3. Domestic companies also have the same mentality as the political elite, not resisting the domination of international capital, but instead becoming the agents of international capital. Even now organisations such as the Indonesian Chamber of Commerce and Industry (Kadin) and the Indonesian Employers Association (Apindo) are vehemently supporting the fuel price increases.

4. The principle force that is capable of confronting international capital – the working class and the poor – have yet to demonstrate their real strength in the form of nationwide mobilisations and by uniting the movement organisations.

The solution for the Indonesian people:

1. Take over all oil and gas and other vital industries in Indonesia under the control of the people;

2. Repudiate the foreign debt;

3. Cooperate with the governments and people of Venezuela and Bolivia to develop refineries and the oil industry;

4. Diversify energy sources in order to guarantee environmental sustainability;

5. Push aside the capitalist class, the elite and the political parties that deceive the people, build the people’s own power.

Short-term solutions:

1. Cancel the planned fuel price hikes and bring down prices;
2. Seize the assets of former President Suharto and his cronies and monies embezzled through the Indonesian Bank Liquidity Support scheme;
3. Cut the wages of government officials at the national to the sub-district level by 30 percent;
4. Cut the wages of executives at private companies by 50 percent;
5. Place limits on private capital by means of restricting the capital ownership, increasing tax on private cars, increasing parking fees and so forth;
6. Apply a 35 percent tax on the profits from export and import of oil.

A call to unite in opposition:

1. Hold daily mass actions, everywhere, by means of factory strikes, road blocks, occupying government offices and mass actions in the streets to thwart the fuel price hikes;
2. Unite the student’s actions with the people’s actions, make the campuses a place to consolidate the people’s mass struggle;
3. Hold a nation wide action simultaneously on May 21 and June 1, besiege and occupy the centres of power. In Jakarta, let’s besiege and occupy the State Place;
4. Unite and build the people’s movement resisting colonialism nationally as an embryo of a new people’s government.

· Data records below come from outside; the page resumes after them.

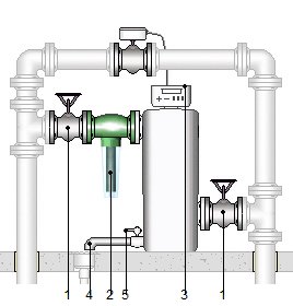 Descalcificador compacto con mando por tiempo de tres ciclos, caudal de 0,3 m³/h, con llaves de paso de compuerta.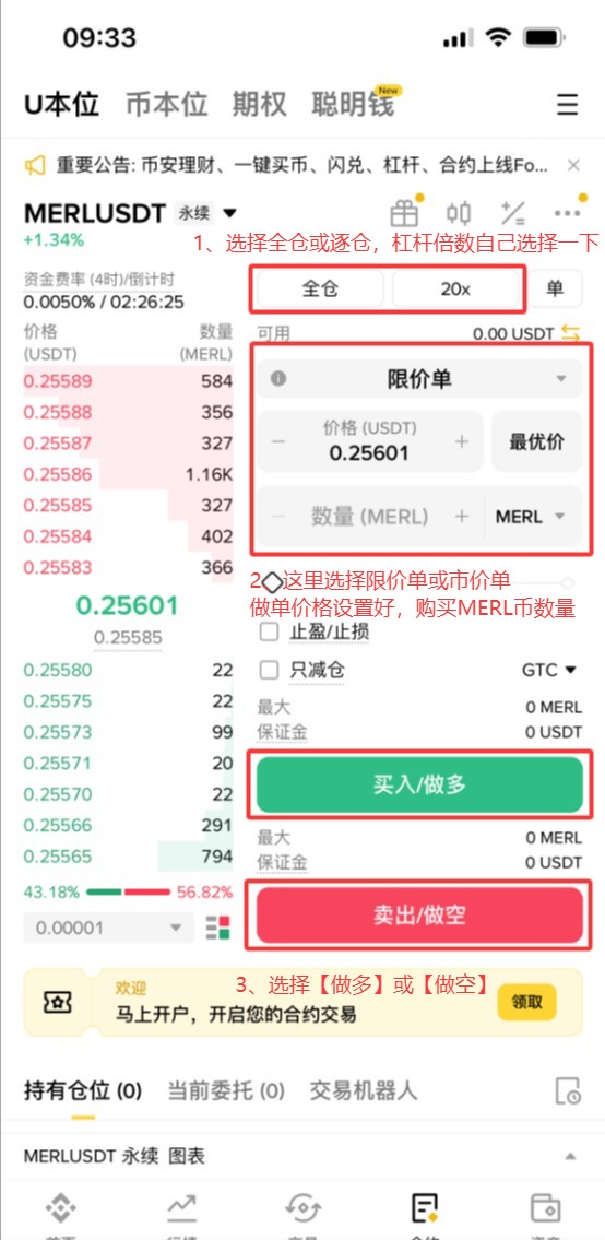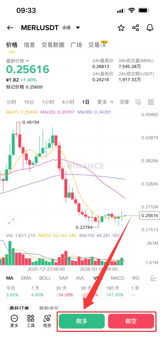 相比于现货,交易者在合约平台上交易MERL 能获得更多收益。因为您只需要推测$MERL 的涨跌,便可利用杠杆以更低的成本获得更高的收益。
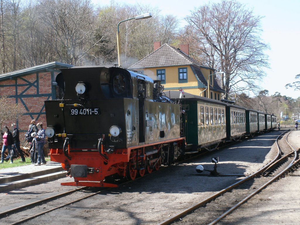 99 4011 hat,am 19.April 2011 den Bahnhof Göhren erreicht der zu der Zeit noch die Kiesbettung hatte inzwischen sind dort die Gleise geschottert.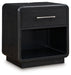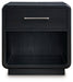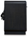 | Details | Made with hardwood solids and ash veneer, Black finish on textured wood grain surface, Brushed nickel-tone pulls, Waterfall edges, Smooth-gliding drawer with fully finished interior, dovetail construction and heavy duty ball-bearing side glides, Lower cubby shelf with built-in LED nightlight, 110V power supply with USB-A and USB-C charging ports, Power cord included; UL Listed | |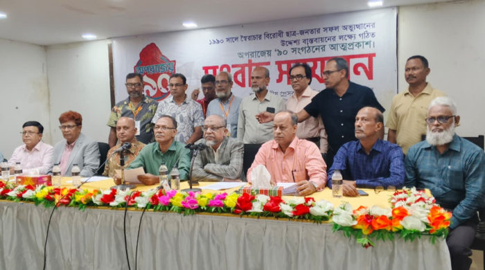 ৯০ এর স্বৈরাচারবিরোধী ছাত্র আন্দোলনকে জুলাই সনদে অন্তর্ভুক্ত করার দাবি জানিয়েছেন ‘অপরাজেয় ৯০’ নামের একটি সংগঠন। আজ বৃহস্পতিবার (২৮ আগস্ট) রাজধানীর জাতীয় প্রেস ক্লাবের জহুর হোসেন চৌধুরী হলে সংগঠনটির আত্মপ্রকাশকে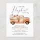 A budget-friendly gender-neutral baby shower invitation that features "a sweet little pumpkin is on its way" in a mix of modern typography and a stylish script with a heart swash, and watercolors of a vintage orange pickup truck filled with pumpkins and floral bouquets. Personalise the mother's name in simple terracotta typography. Specify the baby’s gender if desired (e.g., "is on his way").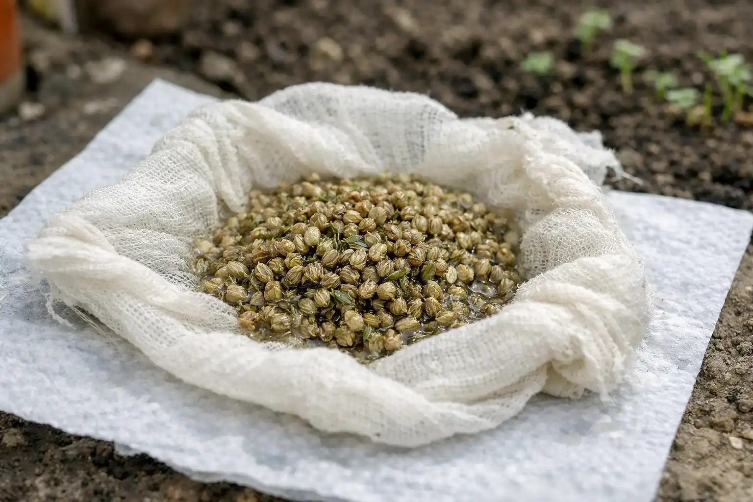 Para romper la capa aceitosa, utilizo un vodka o agua caliente (unos 50 grados centígrados). Las semillas deben introducirse en una bolsa de gasa y sumergirse en el líquido durante 15 minutos. Después, hay que aclararlas con agua corriente fría. Esto estimulará la energía germinativay los brotes romperán el suelo de forma mucho más agresiva.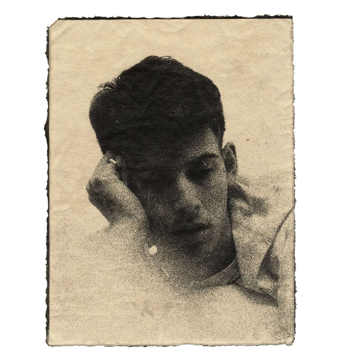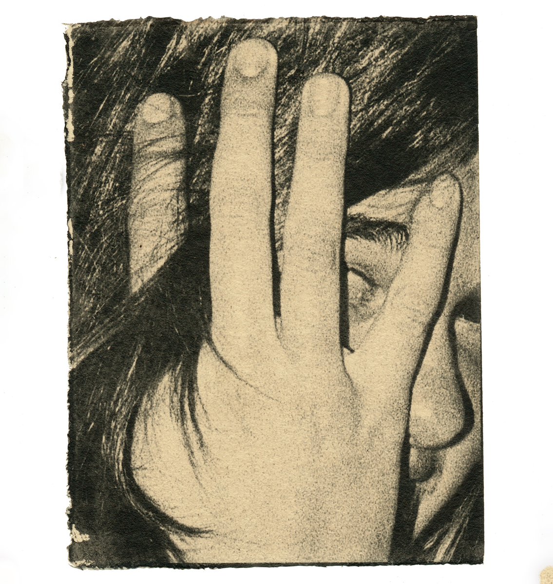 The series begins with a process of exploring my archive corresponding to my first years of photography. In this search and with a visceral and irrational attitude towards it, I tried to find a common echo. Through croppings and a new printing process, I ended up compiling what became for me a series of gestures; acts of love or desire, toward oneself or others, acts that respond to a kind of violence exerted from the outside.
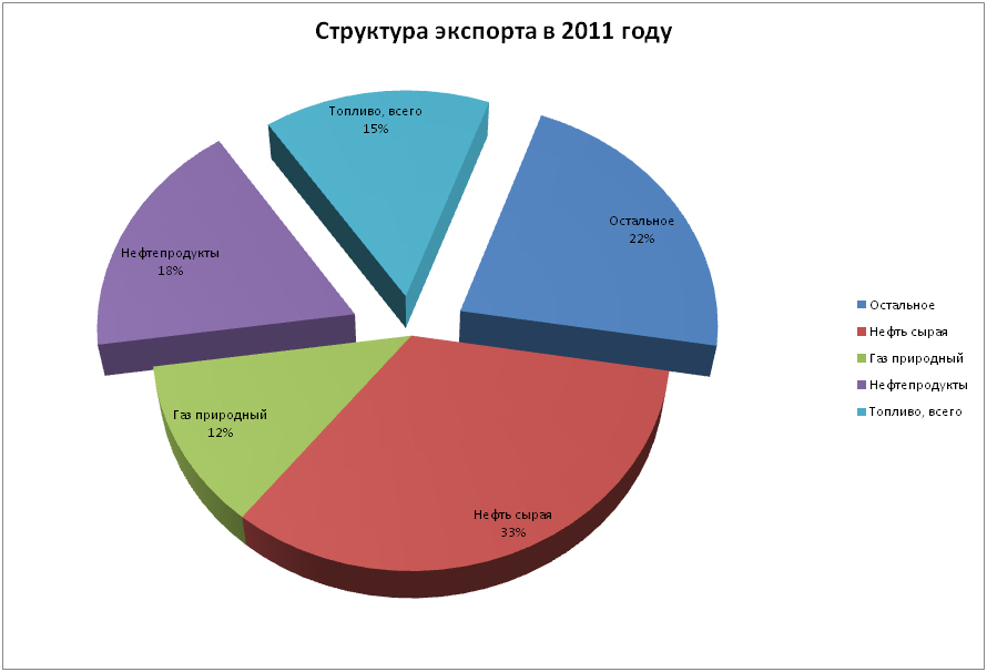 Как мы видим, доходы от внешнеэкономической деятельности и вправду в структуре бюджета составили 41%. Очень многие по незнанию считают, что вся эта позиция состоит из нефтегазовых доходов. Но это преувеличение. К сожалению, подробный разбор налоговых сборов от Казначейства за 2011 год пока ещё не опубликован, и придётся обратиться к структуре экспорта страны в 2011 году. Но хочу сразу предупредить, что структура экспорта и структура внешнеэкономической деятельности в бюджете может кардинально отличаться по объективным причинам. Однако всё равно давайте взглянем на неё: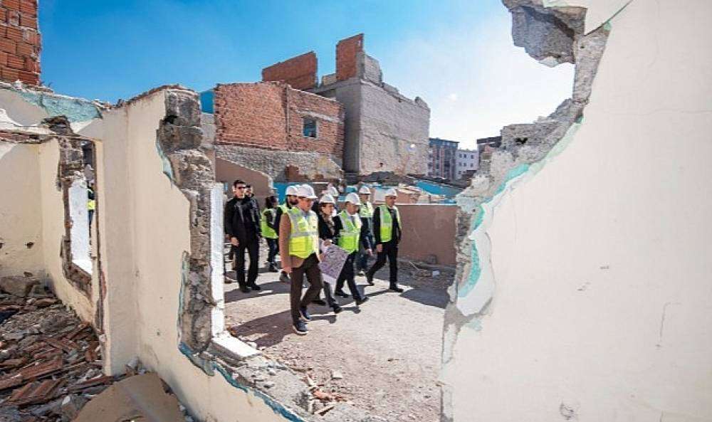 İzmir Büyükşehir Belediye Başkanı Tunç Soyer, Örnekköy Kentsel Dönüşüm Alanı’nda beşinci etap için başlatılan yıkım çalışmalarını yerinde inceledi.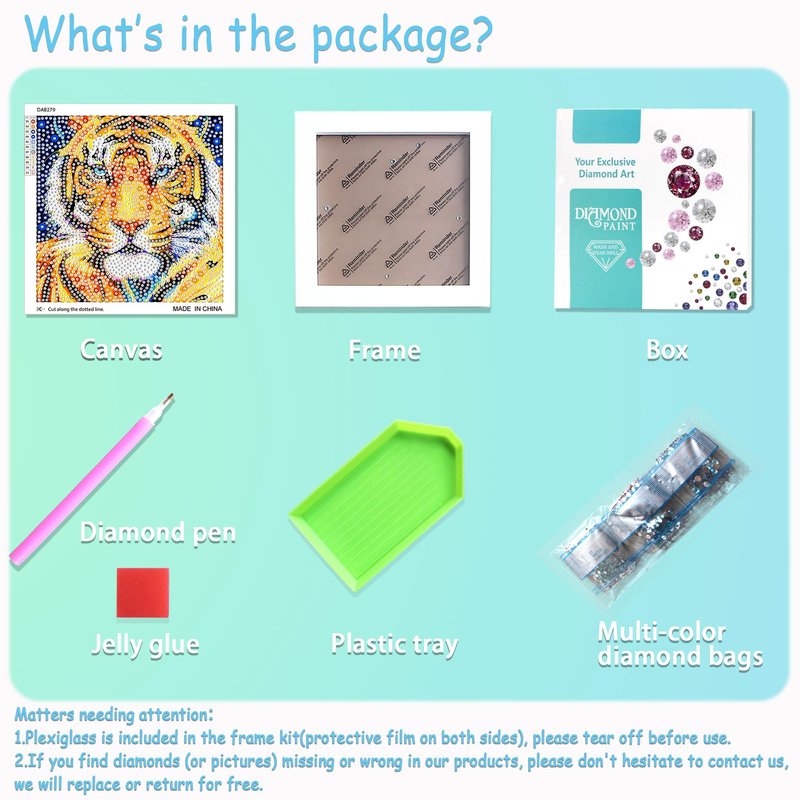 - 【REMINDER】 If you lack diamond particles during use; or damaged or missing due to transportation, please let us know, we will make sure to solve all your concerns with 24 business hours.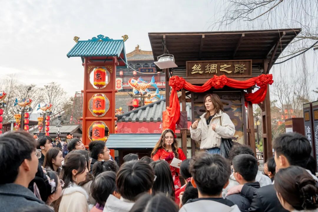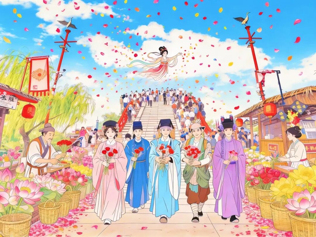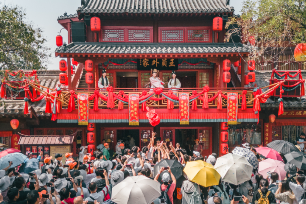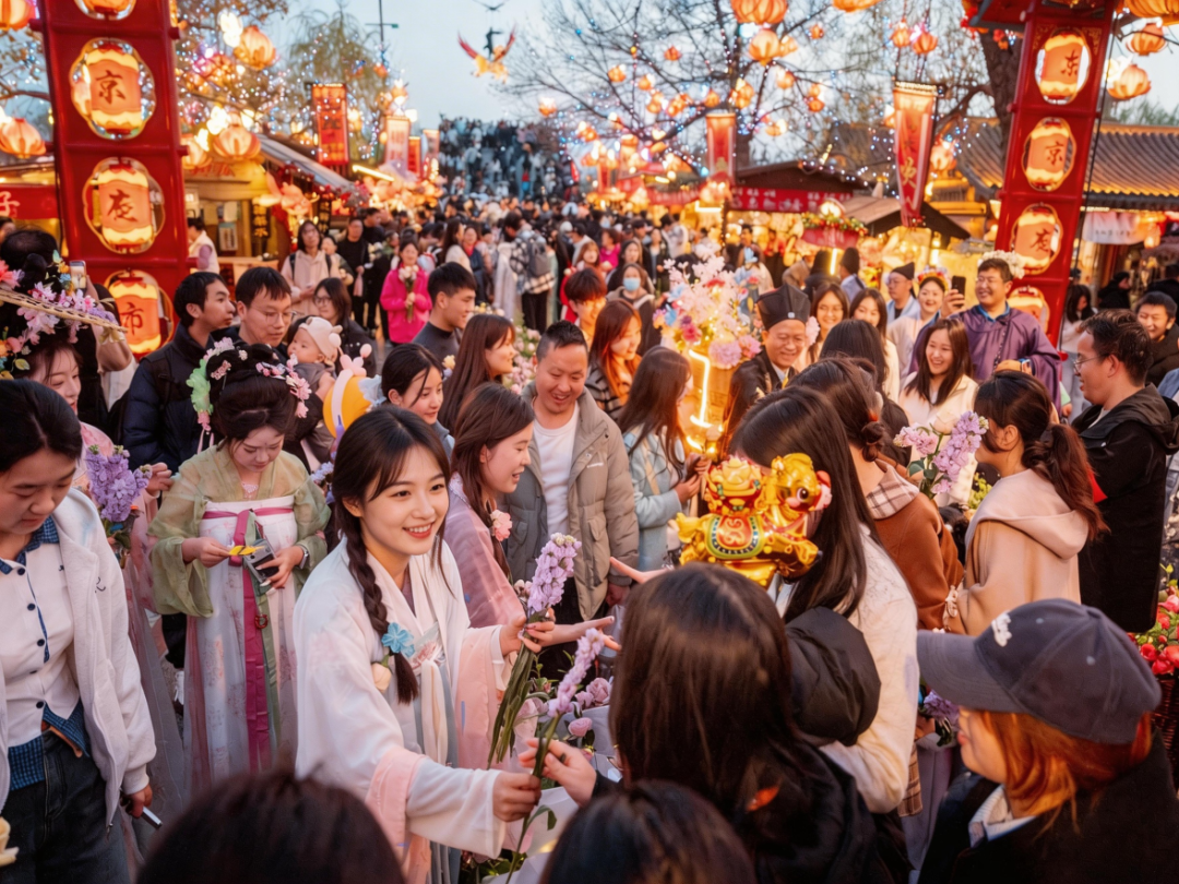 这里,满城皆是簪花人!一步一花,步步生香。更是把春日浪漫拉到顶峰!花市之上,海棠、牡丹、芍药、迎春缀满摊位,浅粉、鹅黄、淡紫交织一片,摊主身着宋装,手持花枝。不妨跟摊主互动一番,免费获得一朵鲜花,将春日温柔收入囊中~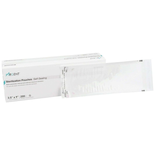 Sterilization Pouch McKesson Argent™ Sure-Check Ethylene Oxide (EO) Gas / Steam 3-1/2 X 9 Inch Transparent / Blue Self Seal Paper / Film Class 4 indicator on outside and inside of the pouch, compatible with steam and ethylene oxide Triple seal (heat sealed) secured edges to help prevent separation Secure Seal -- Extra wide chevron seal to help prevent instrument breaching Medical grade paper Clear transparent film to view instrument Thumb notch makes pouch easy to open and grip 3½ x 9 inches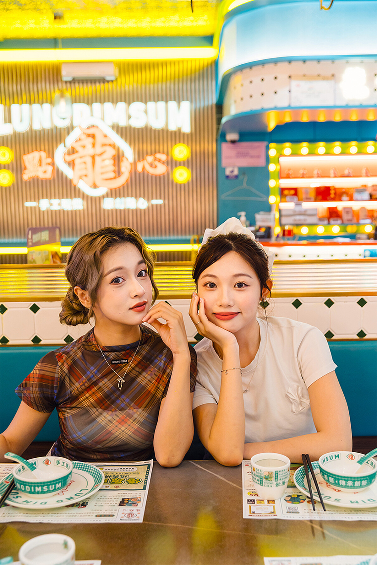 既可以享用到充滿香港風味的港式點心,又可以保持舒適距離給自己一個放鬆用餐環境的「龍點心」,完全太懂I人對用餐的需求,店內空間有著香港特色的霓虹復古街景感,加上運用創意巧思將每樣茶點以精緻小巧的藝術化擺盤呈現,超好吃加上超上鏡好拍的顏值,讓顗妃與紫晴一進到店中就兩眼直冒愛心。

  • Besiege and occupy the State Palace on May 21 and June 1
  • Thwart the planned fuel price hikes by uniting the people’s mobilisations
  • Take over the oil and gas industries by people’s mobilisations under the control of the people
  • Push aside the capitalist class, the political elite and the political parties that deceive the people. It is time for the people to take power

National Liberation Front (PPR)
Jakarta – May 13, 2008

General Secretariat: Jl. Pori Raya No 06 RT009/RW 010
Pisangan Timur, Jakarta Timur
Phone/Fax: 021 4757881
Email: pembebasan.nasional@gmail.com

The National Liberation Front (Front Pembebasan Nasional, FPN):

BPI, the Coalition of People Against Eviction (PAWANG), the Coalition of the People Arising to Resist (Korban), the Commission for Missing Persons and Victims of Violence (Kontras), the Indonesia Legal Aid and Human Rights Association (PBHI), the Indonesian Association of the Families of Missing Persons (Ikohi), the Indonesian Buskers Union (SPI), the Indonesian Forum for the Environment (Walhi), the Indonesian Student Secretariat (SMI), the Institute for Public Research and Advocacy (Elsam), the Institute of Global Justice (IGJ), the Jakarta Legal Aid Foundation (LBH), JGM, JKB, the Agrarian Reform Consortium (KPA), LPBH FAS, Movement (Pergerakan), the National Transport Workers Federation (FBTN), Free Women (Perempuan Mahardika), the Politics for the Poor-Indonesian Student League for Democracy (LMND-PRM), the Poor People’s Alliance (ARM), the Poor Peoples Political Union (PPRM), Praxis, SIEKAP, SPEED, SPP, VHR, the Workers Challenge Alliance (ABM), the Working People’s Association (PRP).